■ Task goal: Retype only the lines below from the one with "slim hole ripped" to the one with "Die letzte Marke", inclusive, skipping every image.

■ Data provided:
== Segment start ==
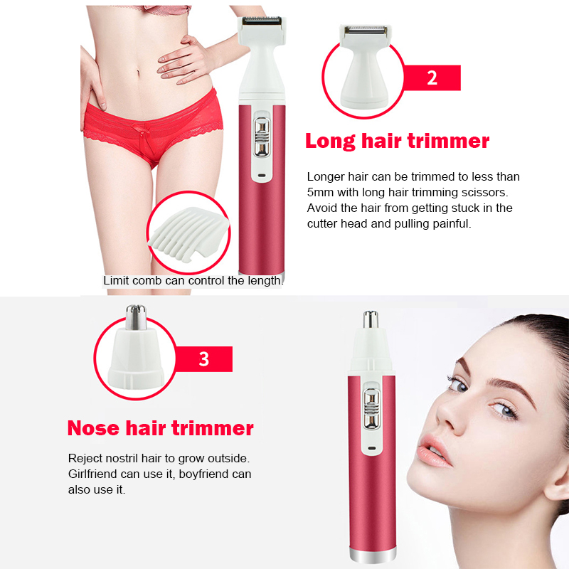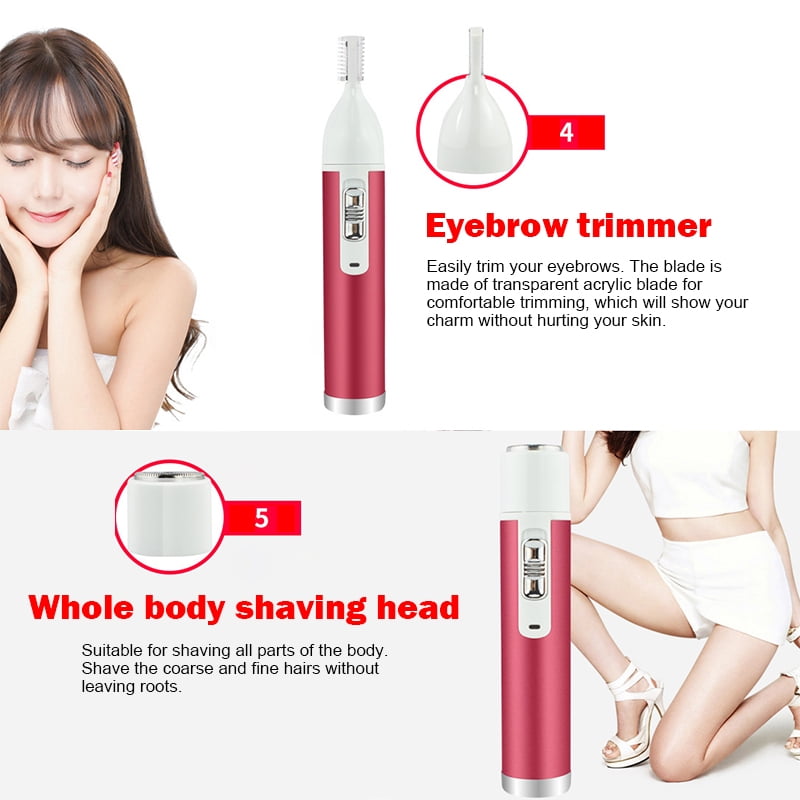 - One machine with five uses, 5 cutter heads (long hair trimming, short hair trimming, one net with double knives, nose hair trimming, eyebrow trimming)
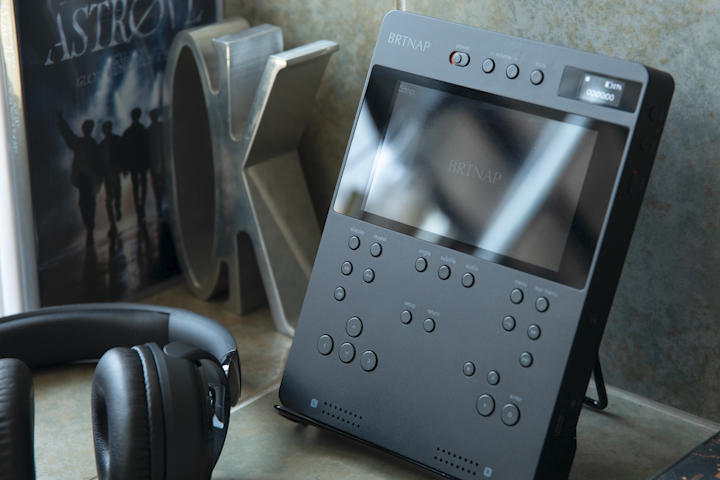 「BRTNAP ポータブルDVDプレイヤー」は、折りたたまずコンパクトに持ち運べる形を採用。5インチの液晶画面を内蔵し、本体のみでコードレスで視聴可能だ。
== Segment end ==
== Segment start ==
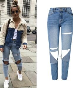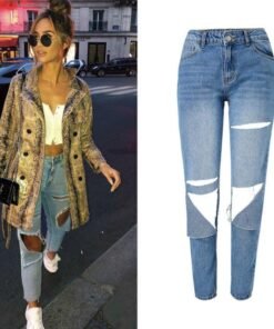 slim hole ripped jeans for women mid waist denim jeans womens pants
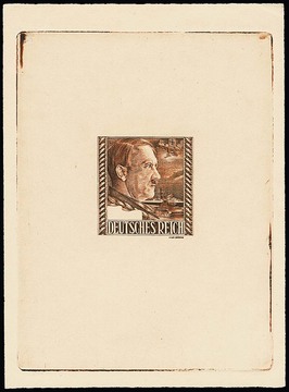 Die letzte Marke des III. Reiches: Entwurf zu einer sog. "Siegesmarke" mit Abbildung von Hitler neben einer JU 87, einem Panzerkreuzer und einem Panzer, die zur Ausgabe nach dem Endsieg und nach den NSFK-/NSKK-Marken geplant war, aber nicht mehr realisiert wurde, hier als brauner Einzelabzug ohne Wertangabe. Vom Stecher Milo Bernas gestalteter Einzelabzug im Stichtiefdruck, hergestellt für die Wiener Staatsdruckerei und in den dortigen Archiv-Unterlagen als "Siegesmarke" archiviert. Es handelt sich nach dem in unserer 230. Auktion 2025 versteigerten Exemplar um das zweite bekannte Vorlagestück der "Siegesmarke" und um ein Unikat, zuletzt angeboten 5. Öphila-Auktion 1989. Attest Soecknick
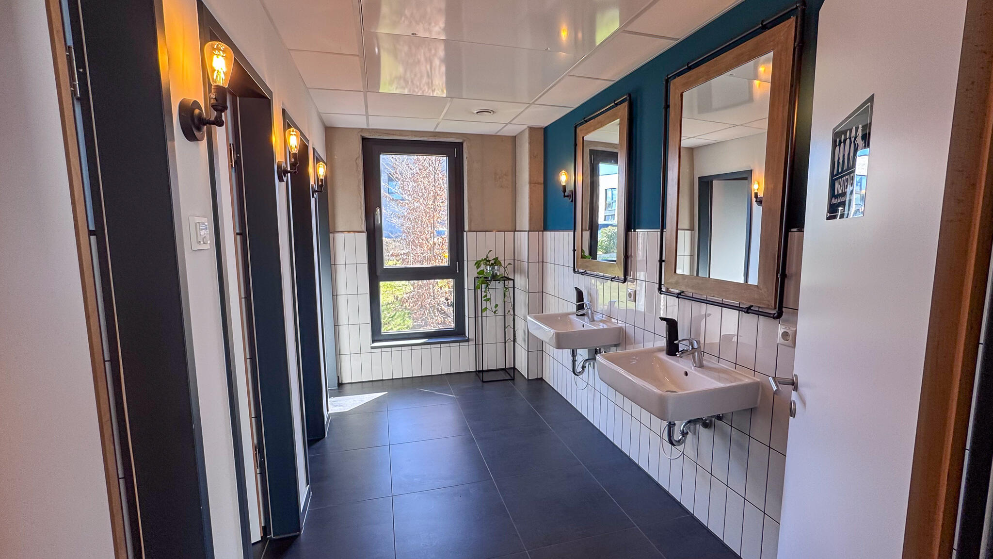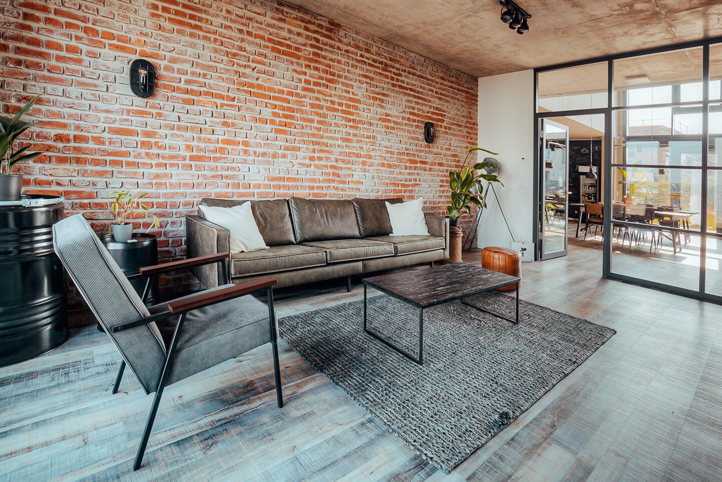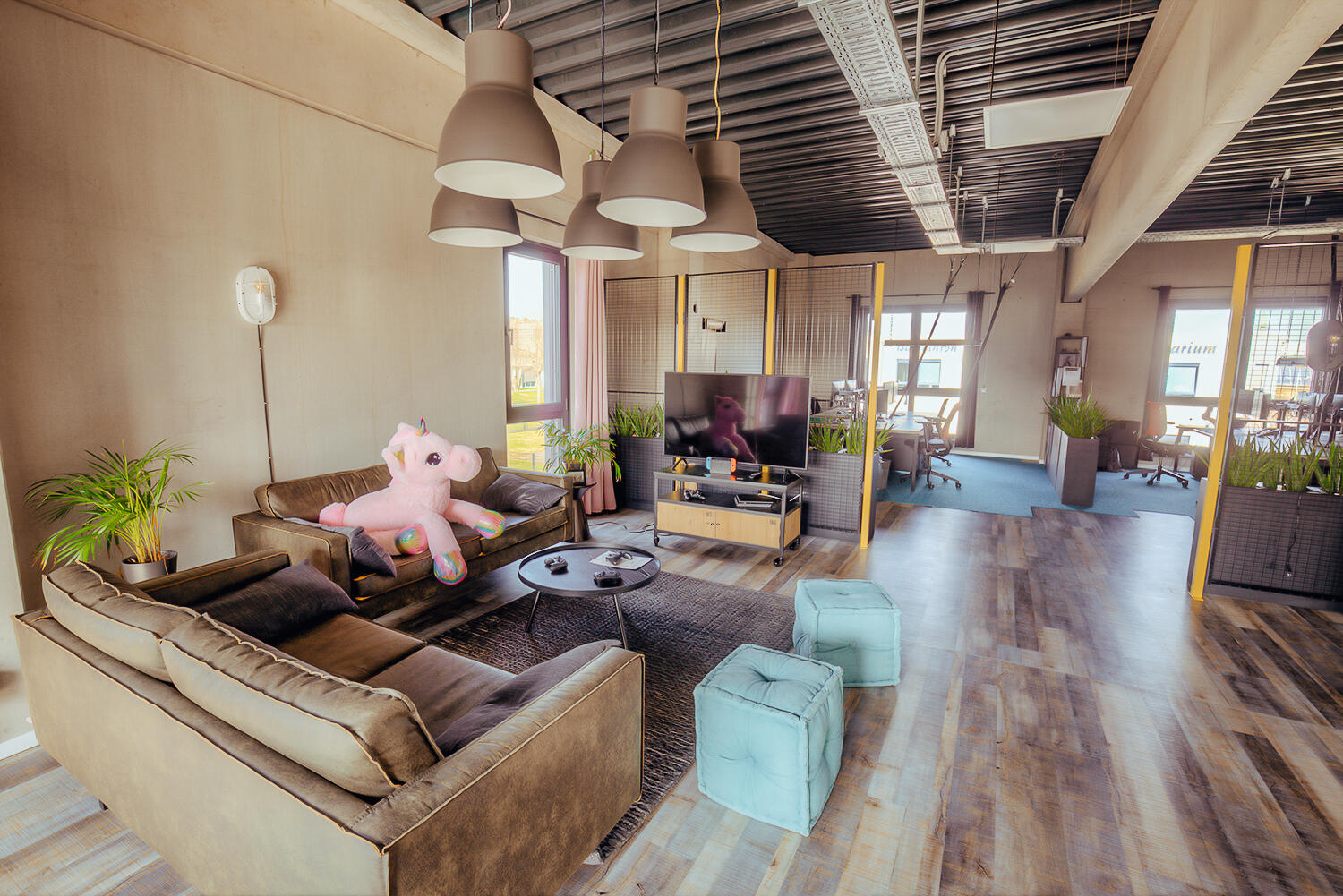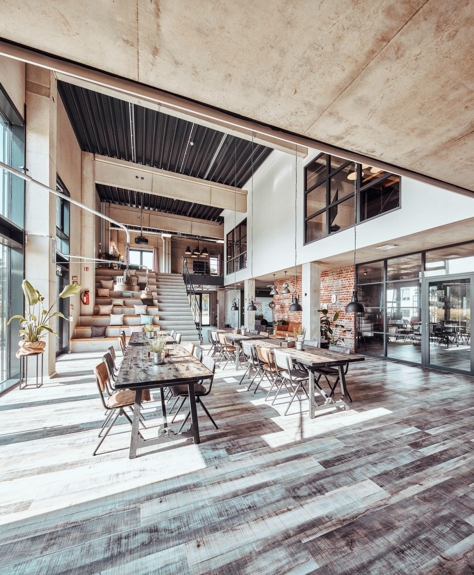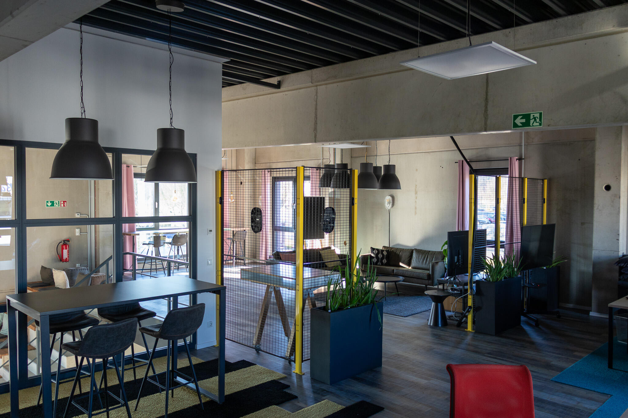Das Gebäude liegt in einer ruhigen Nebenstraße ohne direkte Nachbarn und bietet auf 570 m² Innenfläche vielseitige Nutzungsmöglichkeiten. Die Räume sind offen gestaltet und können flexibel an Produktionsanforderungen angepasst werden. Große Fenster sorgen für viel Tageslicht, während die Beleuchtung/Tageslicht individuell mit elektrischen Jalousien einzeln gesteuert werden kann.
== Segment end ==
■ Solution:
 slim hole ripped jeans for women mid waist denim jeans womens pants
 Die letzte Marke des III. Reiches: Entwurf zu einer sog. "Siegesmarke" mit Abbildung von Hitler neben einer JU 87, einem Panzerkreuzer und einem Panzer, die zur Ausgabe nach dem Endsieg und nach den NSFK-/NSKK-Marken geplant war, aber nicht mehr realisiert wurde, hier als brauner Einzelabzug ohne Wertangabe. Vom Stecher Milo Bernas gestalteter Einzelabzug im Stichtiefdruck, hergestellt für die Wiener Staatsdruckerei und in den dortigen Archiv-Unterlagen als "Siegesmarke" archiviert. Es handelt sich nach dem in unserer 230. Auktion 2025 versteigerten Exemplar um das zweite bekannte Vorlagestück der "Siegesmarke" und um ein Unikat, zuletzt angeboten 5. Öphila-Auktion 1989. Attest Soecknick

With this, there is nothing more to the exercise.